The first and second mechanisms are explained in detail in another article of my official account. Here I mainly talk about the third and fourth mechanisms.

Reliable transmission purpose: is to let the sender send all the data, the receiver can be complete, in order to receive.

Just like Miyamoto Musashi’s phrase “line up, one at a time”, use the dumbest method to solve the most difficult problems, since you want to be reliable then confirm one by one, as long as you don’t tell me you received, then I will always resend.

How reliable transport works: Stop wait protocol

The vertical line represents the time axis, and RTT represents the round trip time of sending the packet and confirming the packet back. They are analyzed respectively under the condition of “no error”, “sending timeout or failure”, “confirmation timeout” and “confirmation loss”. With this confirmation retransmission mechanism, TCP can implement reliable transmission, which is the way points 3 and 4 are implemented. It is important to know that retransmission is a spontaneous action of the sender and does not require the receiver to tell it to retransmit.

Window concept extraction

The above method, really good ha, with the simplest method to solve the problem of reliable transmission, but the network is always so busy, I wait for you to confirm that Miyamoto Musashi a big move jump out to estimate is a section of the ground, daylily are cold.
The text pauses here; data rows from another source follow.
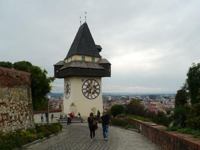 Уже много лет Часовая башня является символом Граца. Датой её постройки считается 1265 год, а тот облик, который мы можем наблюдать сейчас, башня приобрела в 1560 году. Часы установили значительно позже — в 1712 году. Каждая из четырёх сторон башни имеет свой циферблат, на котором изначально была лишь одна стрелка — часовая. Позже добавили ещё и минутную, которая непривычно короче часовой, поэтому, взглянув на эти часы, сначала испытываешь удивление, и только потом вспоминаешь об этой особенности.
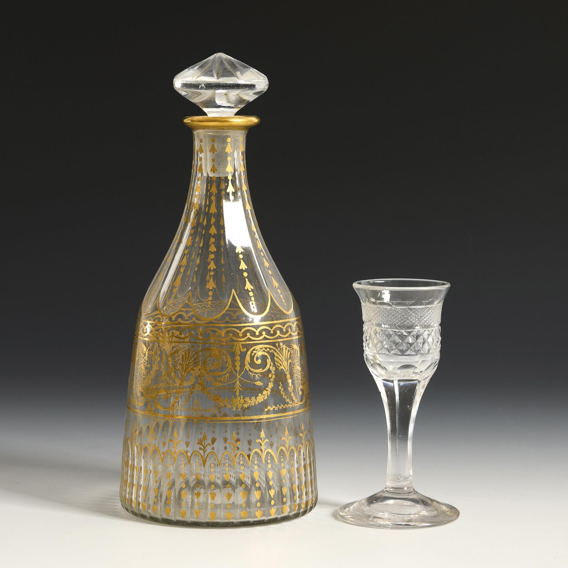 1x c. 1800: conical carafe with fluted stand, faceted neck and added stopper; fine gold floral painting / 1x 1st half of the 19th century.: Liqueur glass with stone-cut bell-shaped cuppa, faceted stem and round foot with rounded base.
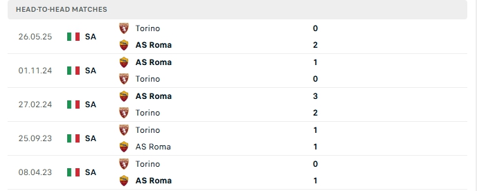 Những màn đụng độ giữa Roma và Torino thường diễn ra chặt chẻ với ít bàn thắng được tạo ra, 4/5 lần gặp nhau gần nhất của hai đội và 3/5 lần đón tiếp Torino trên sân của Roma khép lại không quá 2 bàn.
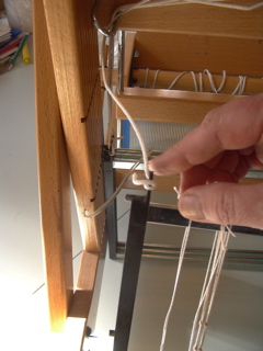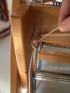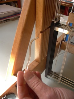 Follow Jane’s hands and words to set up a Kombo Table Loom. At the back of the loom there is a little wormy thing on the left hand side. Make sure it is out.
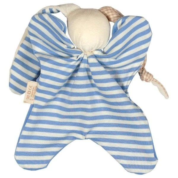 Pour les touts petits, Amour et rĂ©confort auprès de ce Doudou en coton bio Doudou Coton Bio Keptin-jr Toddel Large Bleu Bleuet 21cm, un doudou dont la forme en ailes de papillon offre 4 prises parfaites en plus de ses 2 longues oreilles mi velours mi jersey vichy Bleu et Ă©cru, dont l’une est nouĂ©e… pour ĂŞtre mâchouillĂ©e. La face du doudou Toddel est unie en velours Bleu Bleuet, le dos dans un jersey rayĂ© bicolore… Un doudou Ă©cologique dont la conception favorise le dĂ©veloppement de la filière bio et le rembourrage celle du recyclage. Un petit doudou très doux, facile Ă Â saisir,  pour se frotter et mâchouiller sans fin et accompagner bĂ©bĂ© de partout, ensoleiller ses journĂ©es, adoucir ses nuits et consoler ses ‘petits bobos‘… ce doudou en coton bio Toddel sera de toutes les aventures.Â
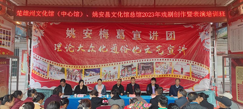 为深入贯彻学习习近平总书记关于文艺工作重要论述和考察云南重要讲话精神,促进群众文化繁荣发展,楚雄州文化馆(中心馆)、姚安县文化馆总馆2023年戏剧创作暨表演培训班于2023年6月14至15日在姚安农戏协会和协会戏曲创作基地成功举办,县委宣传部、县文联相关领导到会指导。

The biggest problem of the above – mentioned stop – wait protocol is that channel utilization is too low.

RTT time is determined by network conditions and cannot be saved. T2 is also generally fixed. It can be seen from the formula that the channel utilization rate can only be improved from T1.

The sender can send multiple packets consecutively without stopping to wait for confirmation each time. The packets consecutively sent above are contained in a window, which is the origin of TCP window, as shown below:

Since your sender can have windowing techniques in order not to send packets one by one, I am sure that our receiver has learned to accumulate acknowledgments instead of one by one.

Receiving window RWND and sending window CWND

There are two Windows involved:

1. Receiver window(RWND), yesThe receiving partyThe size of the receive cache value set according to its own capacity reflects the receiving capacity of the receiver,To do flow control.
2. Congestion window(CWND)The senderThe value of the network window set according to the degree of network congestion, sending window =min(RWND, CWND) is the minimum value of the receiving window and congestion window,To do congestion control.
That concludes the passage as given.